### Your instructions
Would you retype exactly the lines below, starting with the one that has "柳智敏的暖心从来不是说说而已💛 韩媒报道她为现场工作人员、经纪团队、化妆造型师、警卫及演出运营团队等 70" and going on through the one that has "- Campbelltown Community", with no pictures and nothing else?

### Supplied material
= Beginning of Section =

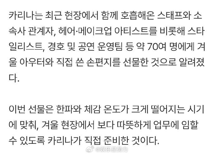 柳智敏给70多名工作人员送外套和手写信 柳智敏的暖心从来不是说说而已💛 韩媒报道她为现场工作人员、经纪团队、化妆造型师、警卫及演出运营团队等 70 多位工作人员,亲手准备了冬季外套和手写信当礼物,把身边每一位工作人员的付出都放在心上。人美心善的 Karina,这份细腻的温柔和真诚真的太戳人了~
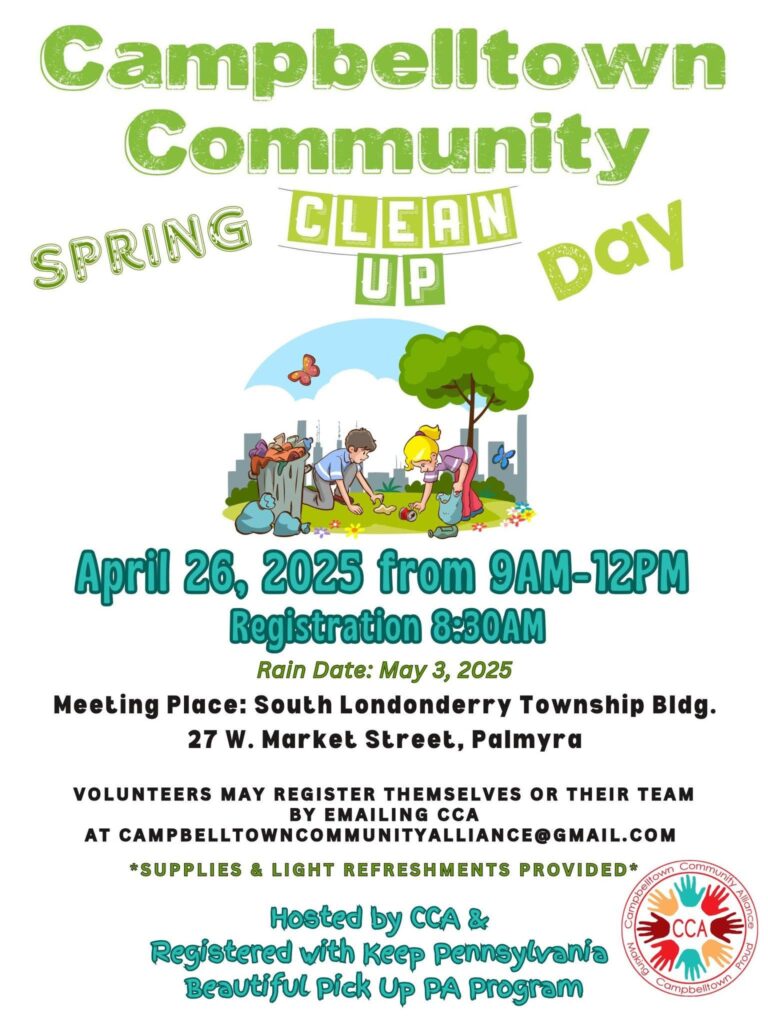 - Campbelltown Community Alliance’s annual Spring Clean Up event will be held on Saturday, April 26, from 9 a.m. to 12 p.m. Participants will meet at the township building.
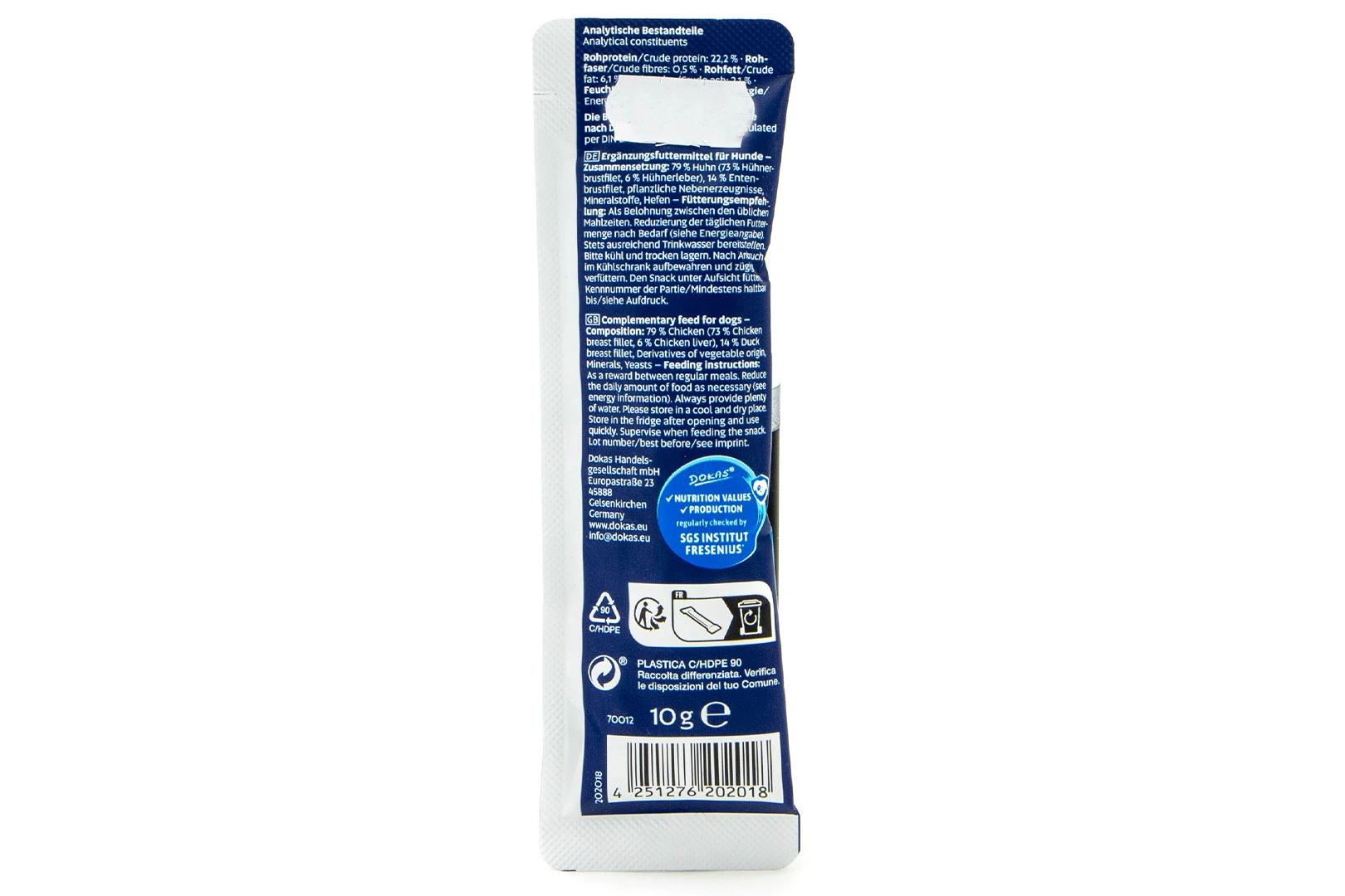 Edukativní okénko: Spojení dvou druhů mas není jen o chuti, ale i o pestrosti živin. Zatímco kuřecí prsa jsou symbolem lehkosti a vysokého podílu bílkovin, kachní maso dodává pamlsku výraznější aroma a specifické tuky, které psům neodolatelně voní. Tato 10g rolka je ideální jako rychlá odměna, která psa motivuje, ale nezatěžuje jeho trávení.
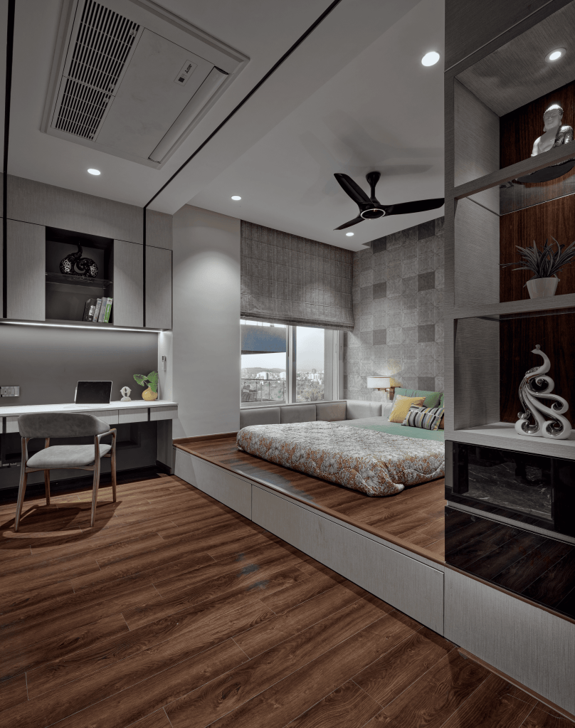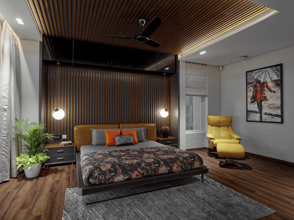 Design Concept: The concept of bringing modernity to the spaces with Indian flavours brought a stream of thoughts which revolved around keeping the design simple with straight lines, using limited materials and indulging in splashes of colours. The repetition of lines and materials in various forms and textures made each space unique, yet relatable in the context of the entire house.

= End of Section =
= Beginning of Section =

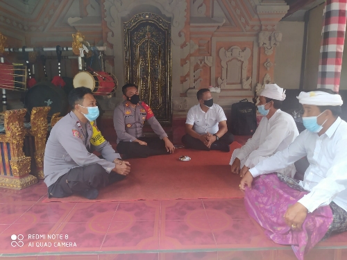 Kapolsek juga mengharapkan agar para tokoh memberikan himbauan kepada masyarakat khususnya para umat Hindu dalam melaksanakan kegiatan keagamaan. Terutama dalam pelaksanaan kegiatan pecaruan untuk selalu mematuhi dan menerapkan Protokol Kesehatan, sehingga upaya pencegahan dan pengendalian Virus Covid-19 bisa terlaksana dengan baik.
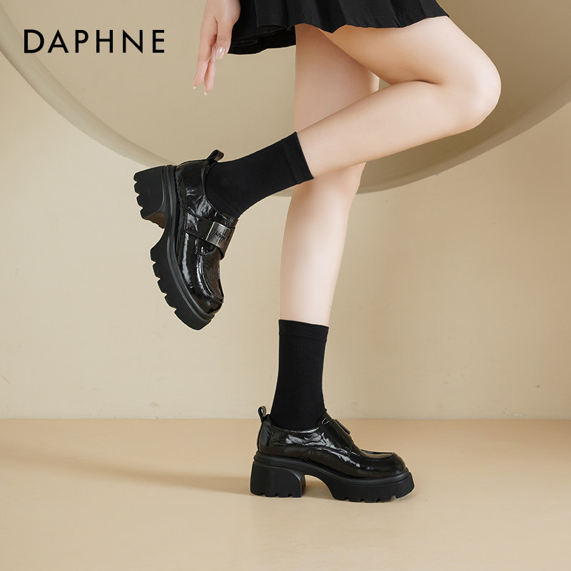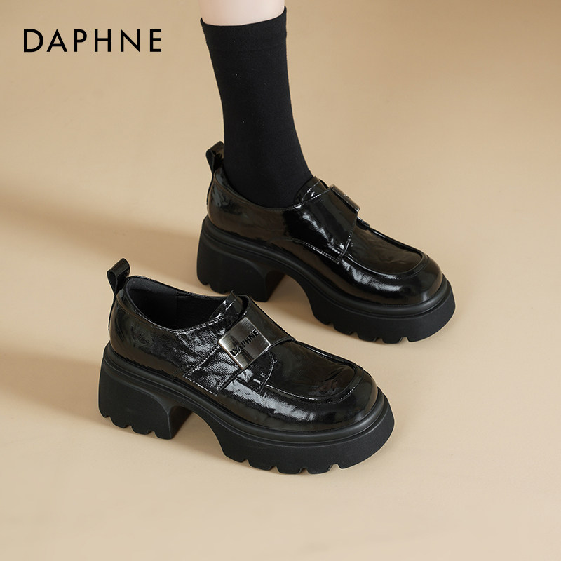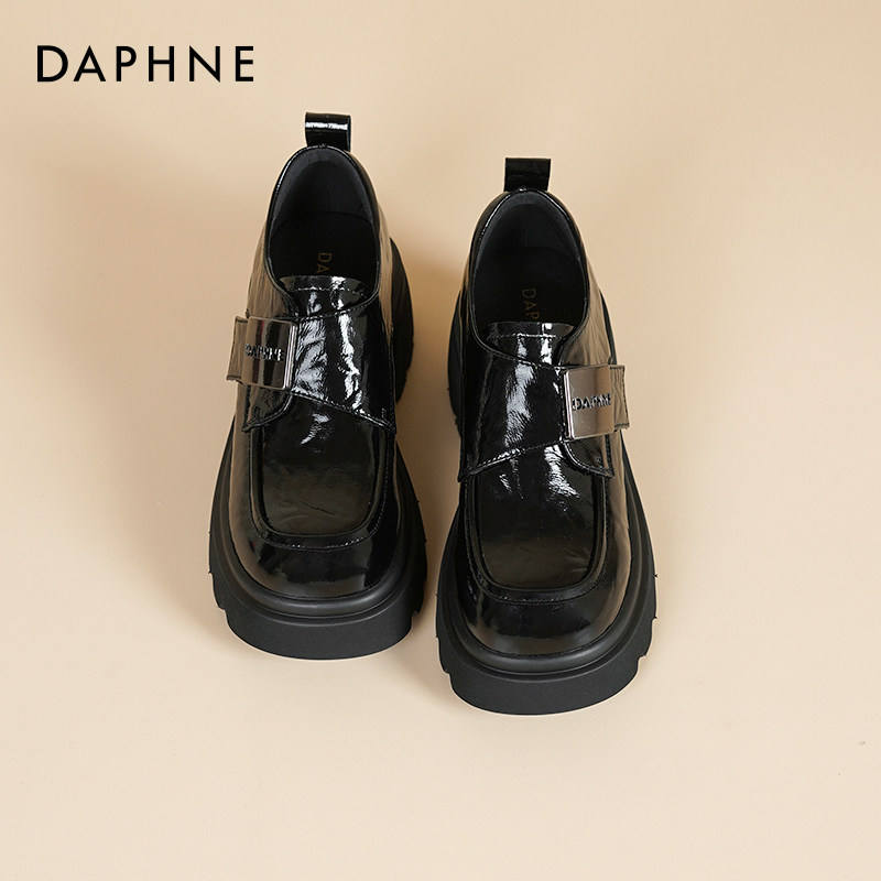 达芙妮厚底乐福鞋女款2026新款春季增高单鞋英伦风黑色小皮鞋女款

= End of Section =

### Task solution
 柳智敏给70多名工作人员送外套和手写信 柳智敏的暖心从来不是说说而已💛 韩媒报道她为现场工作人员、经纪团队、化妆造型师、警卫及演出运营团队等 70 多位工作人员,亲手准备了冬季外套和手写信当礼物,把身边每一位工作人员的付出都放在心上。人美心善的 Karina,这份细腻的温柔和真诚真的太戳人了~
 - Campbelltown Community Alliance’s annual Spring Clean Up event will be held on Saturday, April 26, from 9 a.m. to 12 p.m. Participants will meet at the township building.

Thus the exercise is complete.